Trait-focused personality assessments
The Big5 theory of personality is now widely considered the best way of describing the fundamental building blocks of an individual’s personality. Psychologists have recognised that personality isn’t as simple as Jung’s type theory. Instead, the Big5 theory recognises personality as the unique pattern of enduring psychological and behavioural traits by which each person can be compared and contrasted to others.
Trait-focused personality assessments are all based on the Big5 factors model. Individuals are measured by ‘how much’ of each of the five traits they possess, rather than being forced into a ‘type’.
Facet5, created in the late 1980s, was the first Big5 measure in Europe. It measures five factors, or ‘facets’ based on the Big5 theory. A person has a certain amount of each of the facets, and it is this pattern of scores that gives the overall picture of their personality.
- Control
- Will
- Energy
- Affection
- Emotionality
Each facet is made up of a number of sub factors. For example, a person’s Will score is an accumulation of their scores on each of the three sub factors of Will: determination, confrontation, and independence.
Trait-focused personality assessments give information rather than hard data, making them a much more powerful tool for developing people and influencing behaviour change. Though there is no snappy four letter identification, trait-focused tools like Facet5 still create a common language for organisations. For example, if using Facet5 you might refer to someone as “low Will” or “High Emotionality”. But it’s not so definitive as to put people in ‘boxes’ and force a label on them.
Trait-focused personality assessments give a more granular picture of an individual’s personality than type-focused tools. They offer people a more accurate reflection of their natural preferences and behavioural styles, so that they can both relate to them more, and getter a better understanding of why they behave in certain ways in particular circumstances.

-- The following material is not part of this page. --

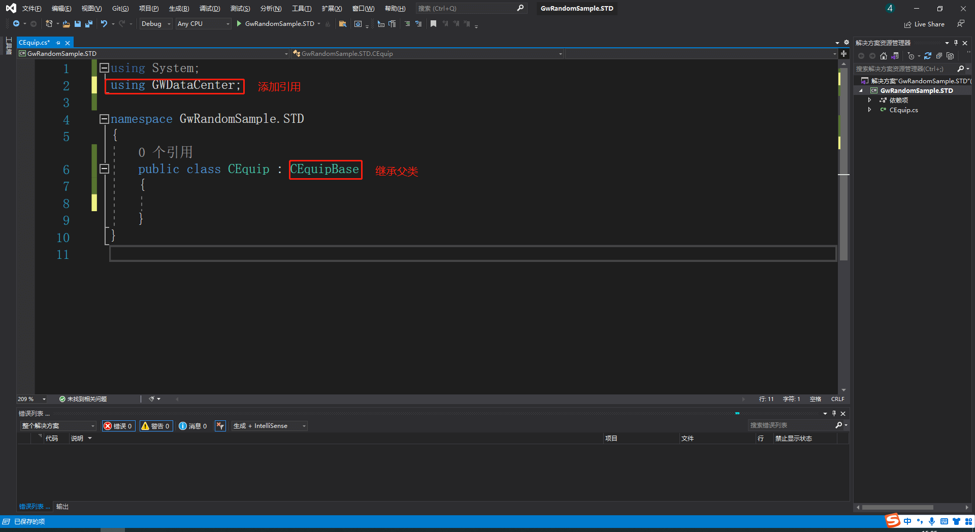 添加GWDataCenter的命名空间引用,并继承CEquipBase类。
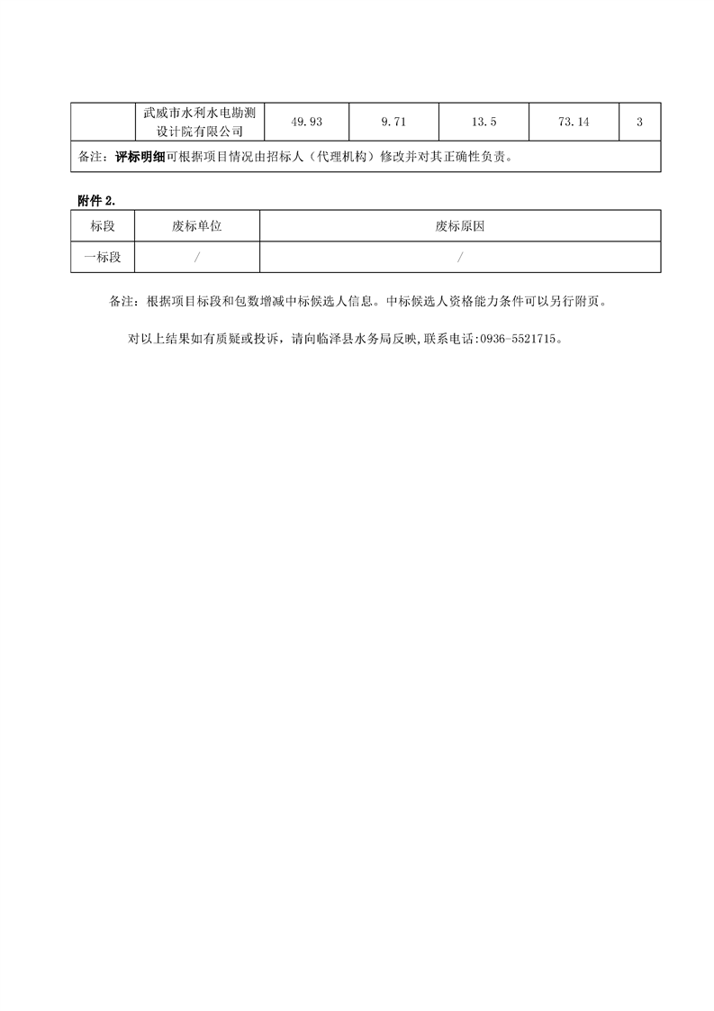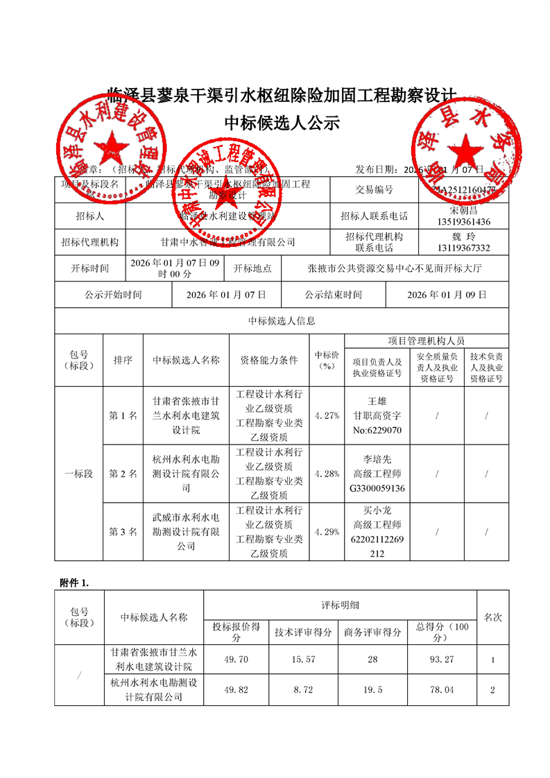 [市本级]临泽县蓼泉干渠引水枢纽除险加固工程勘察设计中标候选人公示交易结果公示

What’s more, re-test reliability is significantly higher for Facet5 than it is for MBTI.
The broad consensus today is that trait-focused tools are a much more powerful in the workplace than type-based tools. By giving a more accurate view of an individual’s personality, they are far more effective at triggering behaviour change, as they help people understand themselves better in the first place. If you focus on trait-focused personality assessments only, you effectively cut the list of potential options in half, and become one step closer to finding the right solution for your company.